Tries to convert a string or int UNIX timestamp to RFC 3339.

oauth_dropins.webutil.util.to_utc_timestamp(input)[source]

Converts a datetime to a float POSIX timestamp (seconds since epoch).

oauth_dropins.webutil.util.as_utc(input)[source]

Converts a timezone-aware datetime to a naive UTC datetime.

If input is timezone-naive, it’s returned as is.

Doesn’t support DST!

oauth_dropins.webutil.util.ellipsize(str, words=14, chars=140)[source]

Truncates and ellipsizes str if it’s longer than words or chars.

Words are simply tokenized on whitespace, nothing smart.

oauth_dropins.webutil.util.add_query_params(url, params)[source]

Adds new query parameters to a URL. Encodes as UTF-8 and URL-safe.

Parameters:
  • url – string URL or urllib2.Request. May already have query parameters.
  • params – dict or list of (string key, string value) tuples. Keys may repeat.
Returns:

string URL

oauth_dropins.webutil.util.dedupe_urls(urls)[source]

Normalizes and de-dupes http(s) URLs.

Converts domain to lower case, adds trailing slash when path is empty, and ignores scheme (http vs https), preferring https. Preserves order.

Domains are case insensitive, even modern domains with Unicode/punycode characters:

http://unicode.org/faq/idn.html#6 https://tools.ietf.org/html/rfc4343#section-5

As examples, http://foo/ and https://FOO are considered duplicates, but http://foo/bar and http://foo/bar/ aren’t.

Background: https://en.wikipedia.org/wiki/URL_normalization

TODO: port to https://pypi.python.org/pypi/urlnorm

Parameters:urls – sequence of string URLs
Returns:sequence of string URLs
oauth_dropins.webutil.util.if_changed(cache, updates, key, value)[source]

Returns a value if it’s different from the cached value, otherwise None.

Values that evaluate to False are considered equivalent to None, in order to save cache space.

If the values differ, updates[key] is set to value. You can use this to collect changes that should be made to the cache in batch. None values in updates mean that the corresponding key should be deleted.

Parameters:
  • cache – any object with a get(key) method
  • updates – mapping (e.g. dict)
  • key – anything supported by cache
  • value – anything supported by cache
Returns:

value or None

oauth_dropins.webutil.util.generate_secret()[source]

Generates a URL-safe random secret string.

Uses App Engine’s os.urandom(), which is designed to be cryptographically secure: http://code.google.com/p/googleappengine/issues/detail?id=1055

Parameters:bytes – integer, length of string to generate
Returns:random string
oauth_dropins.webutil.util.is_int(arg)[source]

Returns True if arg can be converted to an integer, False otherwise.

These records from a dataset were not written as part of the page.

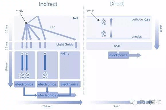 自从1958 年第一台Anger伽玛相机的诞生以来,传统的SPECT核医学设备探测器一直采用的是碘化钠晶体(NaI)+ 光电倍增管(PMT)设计(如上图左边),注射到人体内的放射性药物发射出γ光子,通过准直器定位投射到NaI晶体上,转换成可见光,再通过PMT光电倍增管进行光电转换成电信号并放大,传输到电子线路和工作站进行重建成像。这种多次转换的间接成像技术会导致大量的光子丢失,而PMT将可见光转化为电信号的效率也只有20%~25%左右,因此,传统的SPECT核医学设备在计数率、分辨率方面大受限制。
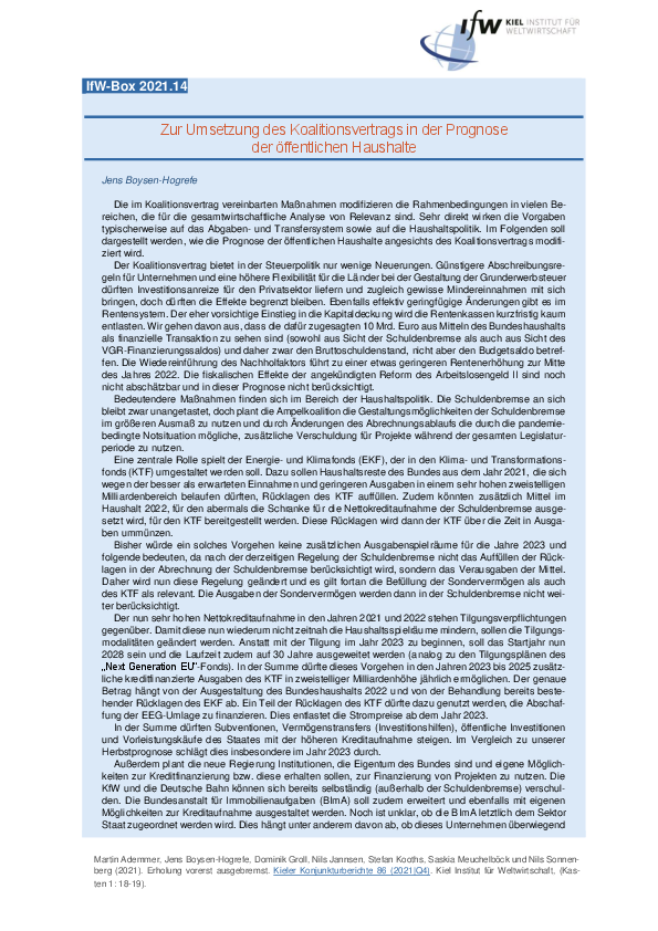 Die im Koalitionsvertrag vereinbarten Maßnahmen modifizieren die Rahmenbedingungen in vielen Bereichen, die für die gesamtwirtschaftliche Analyse von Relevanz sind. Sehr direkt wirken die Vorgaben typischerweise auf das Abgaben- und Transfersystem sowie auf die Haushaltspolitik. Im Folgenden soll dargestellt werden, wie die Prognose der öffentlichen Haushalte angesichts des Koalitionsvertrags modifiziert wird.
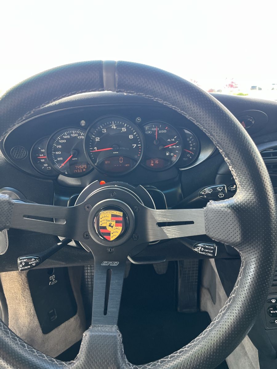 Porsche 911 Carrera. This is a clean car and a blast to drive. It has been slightly modified with a roll cage, sparco seats and tighter suspension.
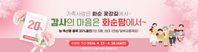 ‘감사의 마음 전달 쪽지’ 코너는 이벤트 게시판에 가족이나 스승, 소중한 이에게 전하는 감사 메시지를 작성하면, 우수 작성자 10명을 선정해 화순팜 입점 농특산물 등 2~3만 원 상당의 상품을 증정한다.
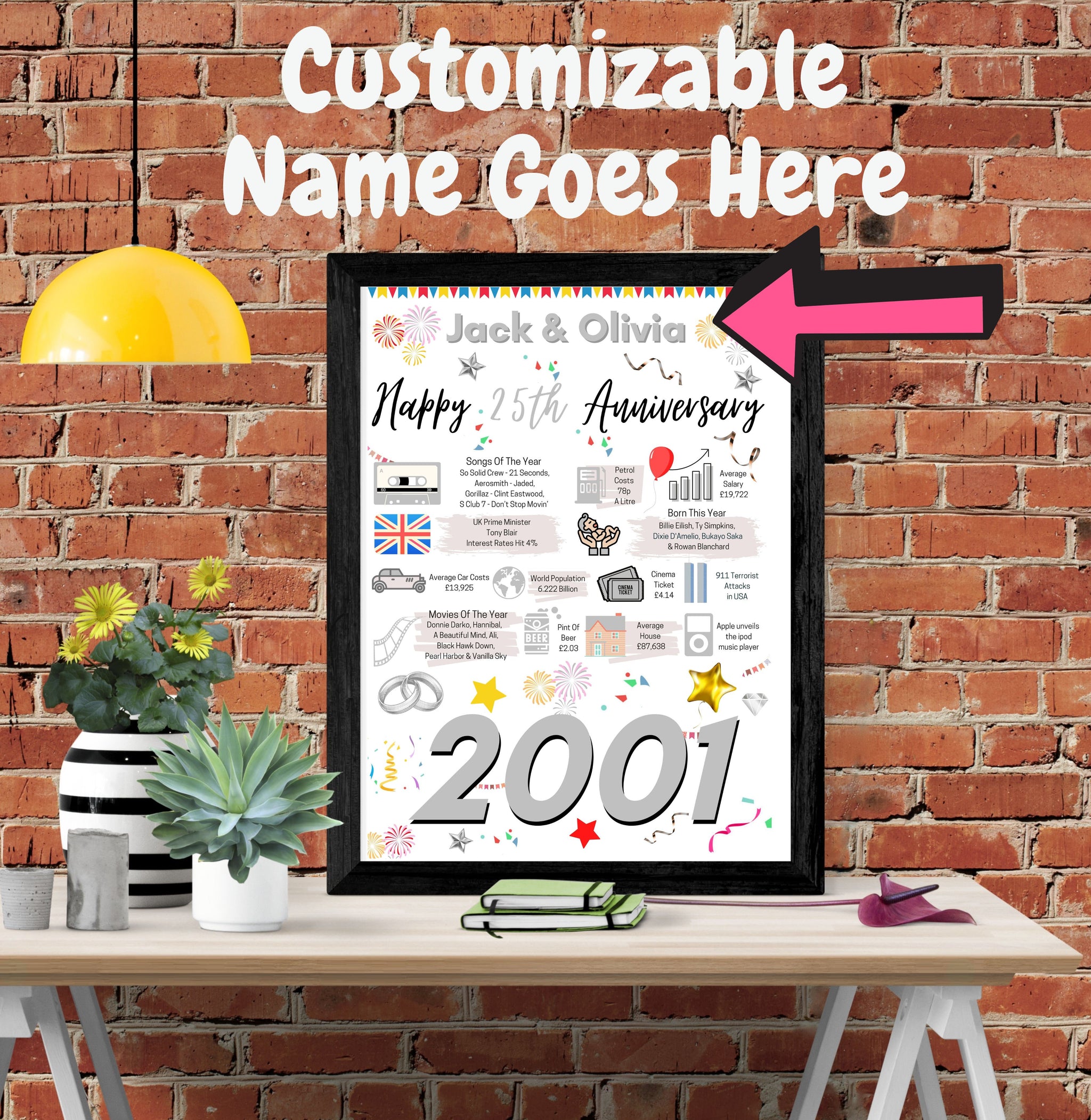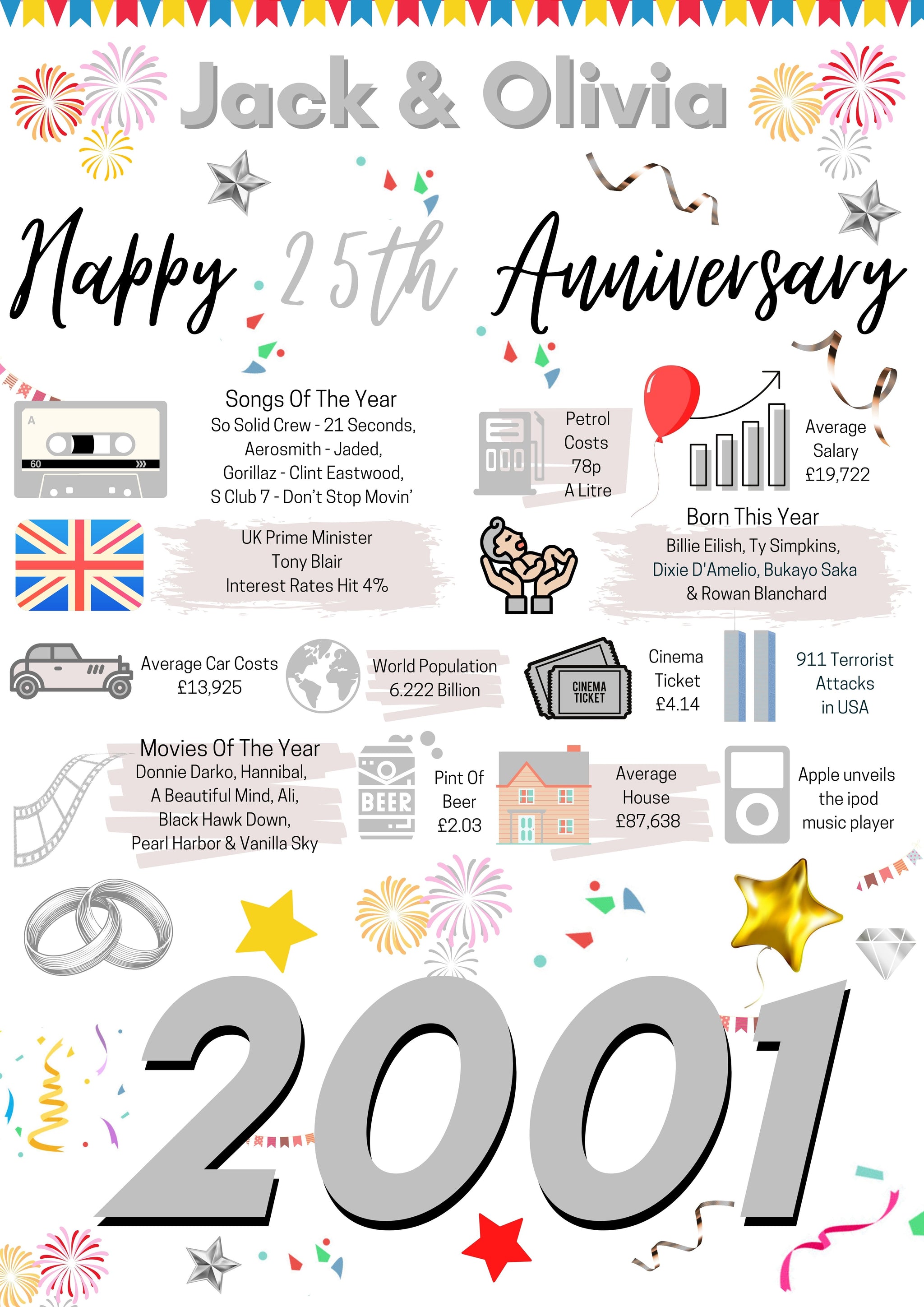 This 25th Anniversary Poster is a great way to remember the events that happened 25 Years ago in 2001.

oauth_dropins.webutil.util.is_float(arg)[source]

Returns True if arg can be converted to a float, False otherwise.

oauth_dropins.webutil.util.is_base64(arg)[source]

Returns True if arg is a base64 encoded string, False otherwise.

oauth_dropins.webutil.util.interpret_http_exception(exception)[source]

Extracts the status code and response from different HTTP exception types.

Parameters:exception

an HTTP request exception. Supported types:

Returns:(string status code or None, string response body or None)
oauth_dropins.webutil.util.is_connection_failure(exception)[source]

Returns True if the given exception is a network connection failure.

...False otherwise.

class oauth_dropins.webutil.util.FileLimiter(file_obj, read_limit)[source]

Bases: object

A file object wrapper that reads up to a limit and then reports EOF.

From http://stackoverflow.com/a/29838711/186123 . Thanks SO!

__weakref__

list of weak references to the object (if defined)

oauth_dropins.webutil.util.load_file_lines(file)[source]

Reads lines from a file and returns them as a set.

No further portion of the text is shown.